Exercise prompt –
Write out again, word for word, the lines below from the line that holds "Taking a Walk" through the line that holds "Figure 2-1 Photograph", omitting pictures.

Data section –
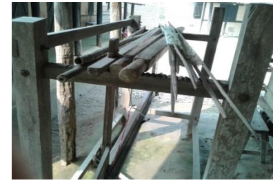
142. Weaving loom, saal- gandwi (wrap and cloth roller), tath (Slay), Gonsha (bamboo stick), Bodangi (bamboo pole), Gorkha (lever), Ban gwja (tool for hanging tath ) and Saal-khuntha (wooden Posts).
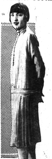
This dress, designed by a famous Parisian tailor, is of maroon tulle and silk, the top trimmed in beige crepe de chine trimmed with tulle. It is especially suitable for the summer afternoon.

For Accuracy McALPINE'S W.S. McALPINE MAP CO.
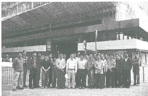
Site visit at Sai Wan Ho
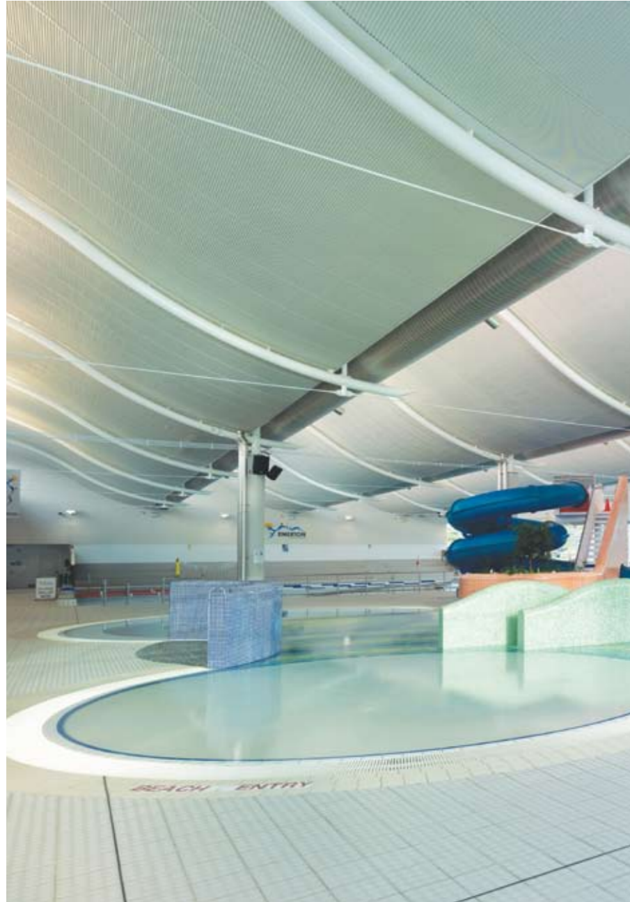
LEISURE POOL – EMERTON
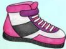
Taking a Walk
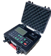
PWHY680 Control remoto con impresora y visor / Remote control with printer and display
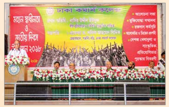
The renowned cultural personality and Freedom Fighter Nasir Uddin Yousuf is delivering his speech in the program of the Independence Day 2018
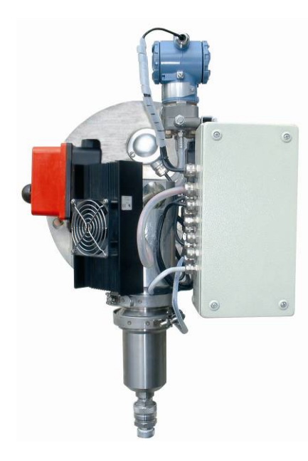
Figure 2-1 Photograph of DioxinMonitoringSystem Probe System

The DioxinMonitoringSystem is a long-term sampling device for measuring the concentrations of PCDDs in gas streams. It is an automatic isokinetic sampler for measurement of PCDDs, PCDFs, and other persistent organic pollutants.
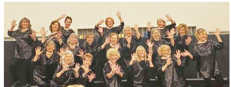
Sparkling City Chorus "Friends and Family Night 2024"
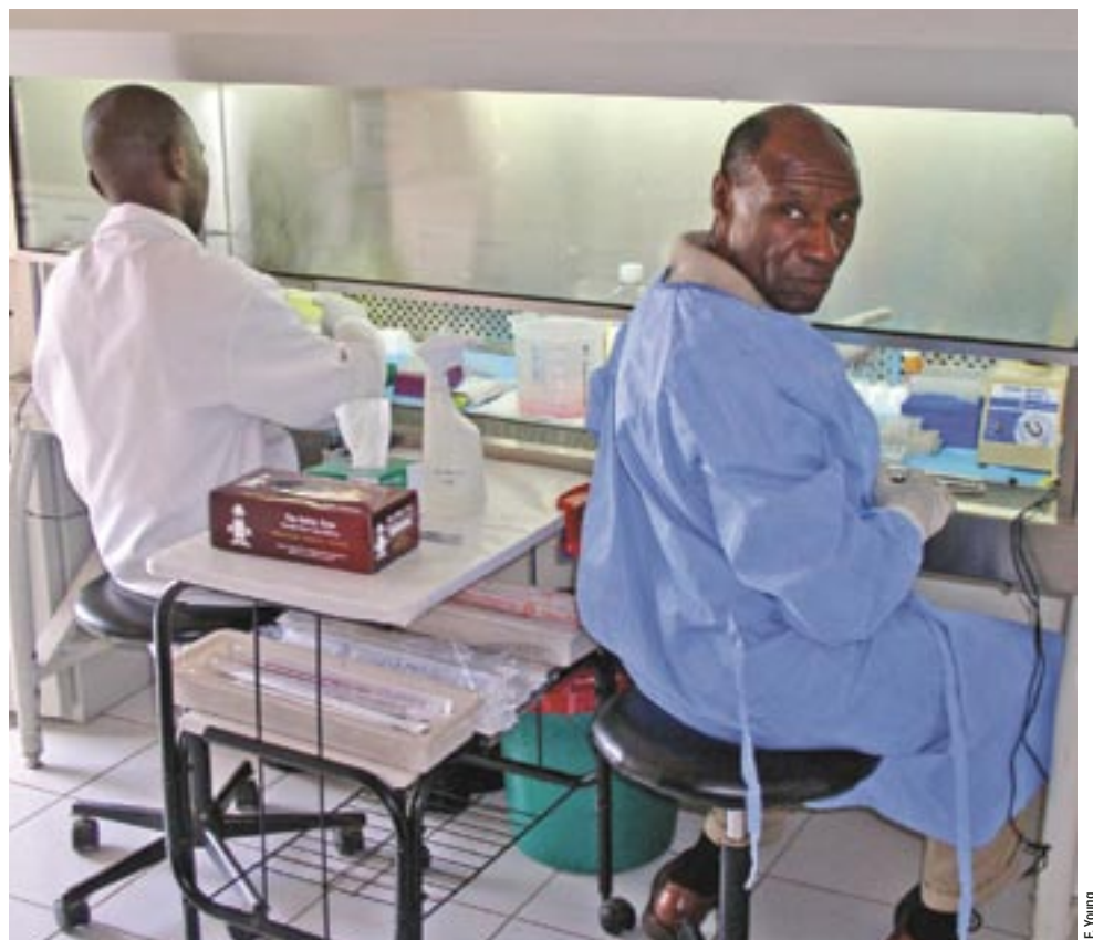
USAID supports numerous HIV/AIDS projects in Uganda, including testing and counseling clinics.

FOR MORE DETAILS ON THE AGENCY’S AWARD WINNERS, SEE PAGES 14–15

--

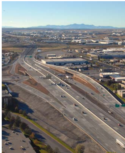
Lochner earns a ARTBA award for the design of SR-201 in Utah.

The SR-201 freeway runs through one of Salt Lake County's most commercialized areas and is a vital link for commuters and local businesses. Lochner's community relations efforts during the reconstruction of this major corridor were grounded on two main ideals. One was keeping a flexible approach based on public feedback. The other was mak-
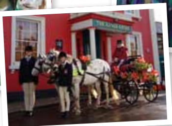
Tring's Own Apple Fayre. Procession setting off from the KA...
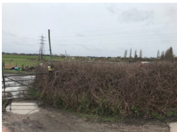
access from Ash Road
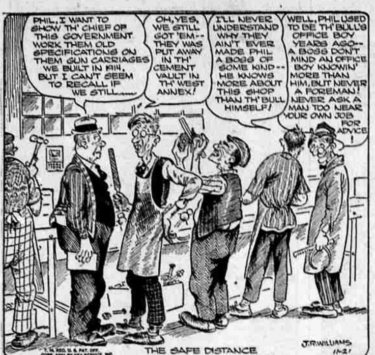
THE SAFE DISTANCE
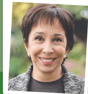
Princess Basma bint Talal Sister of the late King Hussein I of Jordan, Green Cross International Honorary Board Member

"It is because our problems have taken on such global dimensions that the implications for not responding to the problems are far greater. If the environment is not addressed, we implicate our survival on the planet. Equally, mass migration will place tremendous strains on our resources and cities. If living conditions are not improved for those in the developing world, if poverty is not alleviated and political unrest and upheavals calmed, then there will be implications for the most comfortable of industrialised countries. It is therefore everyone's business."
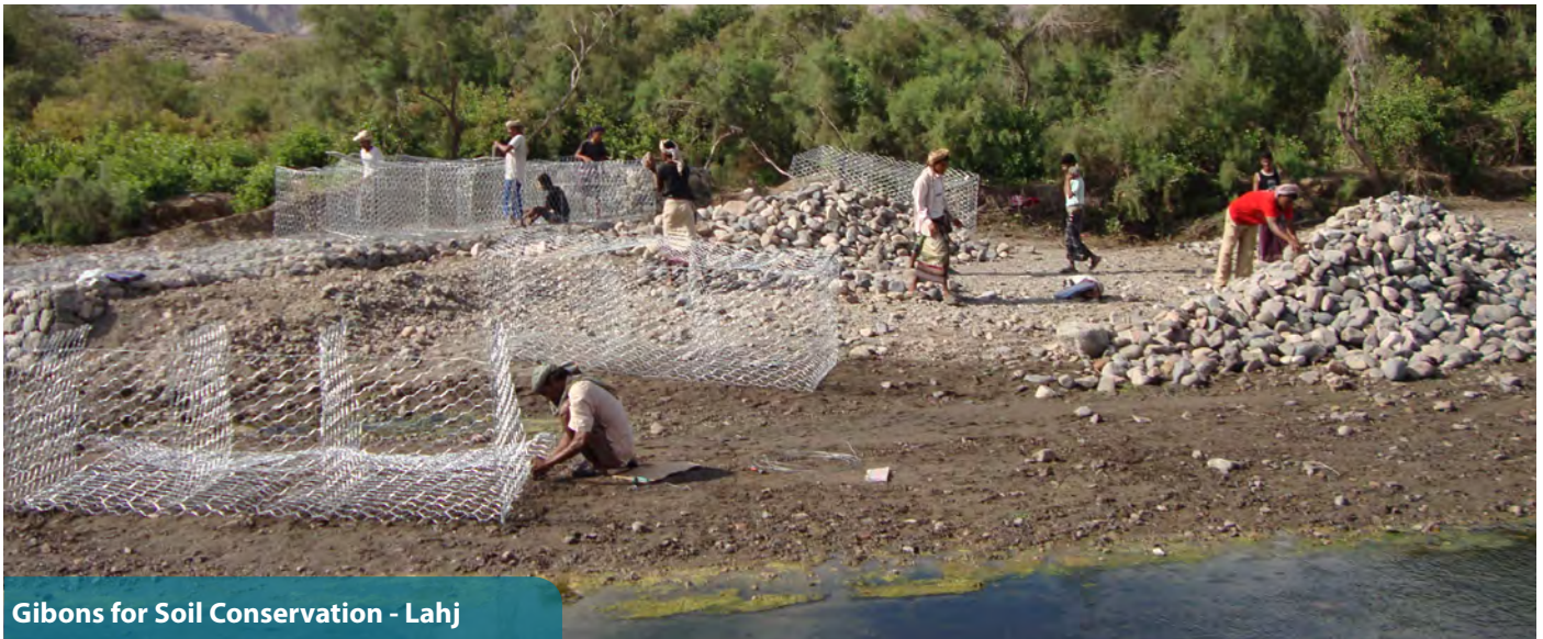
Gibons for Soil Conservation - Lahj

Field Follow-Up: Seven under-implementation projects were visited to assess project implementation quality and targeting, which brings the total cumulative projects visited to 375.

Exercise response –
Taking a Walk
PWHY680 Control remoto con impresora y visor / Remote control with printer and display
The renowned cultural personality and Freedom Fighter Nasir Uddin Yousuf is delivering his speech in the program of the Independence Day 2018
Figure 2-1 Photograph of DioxinMonitoringSystem Probe System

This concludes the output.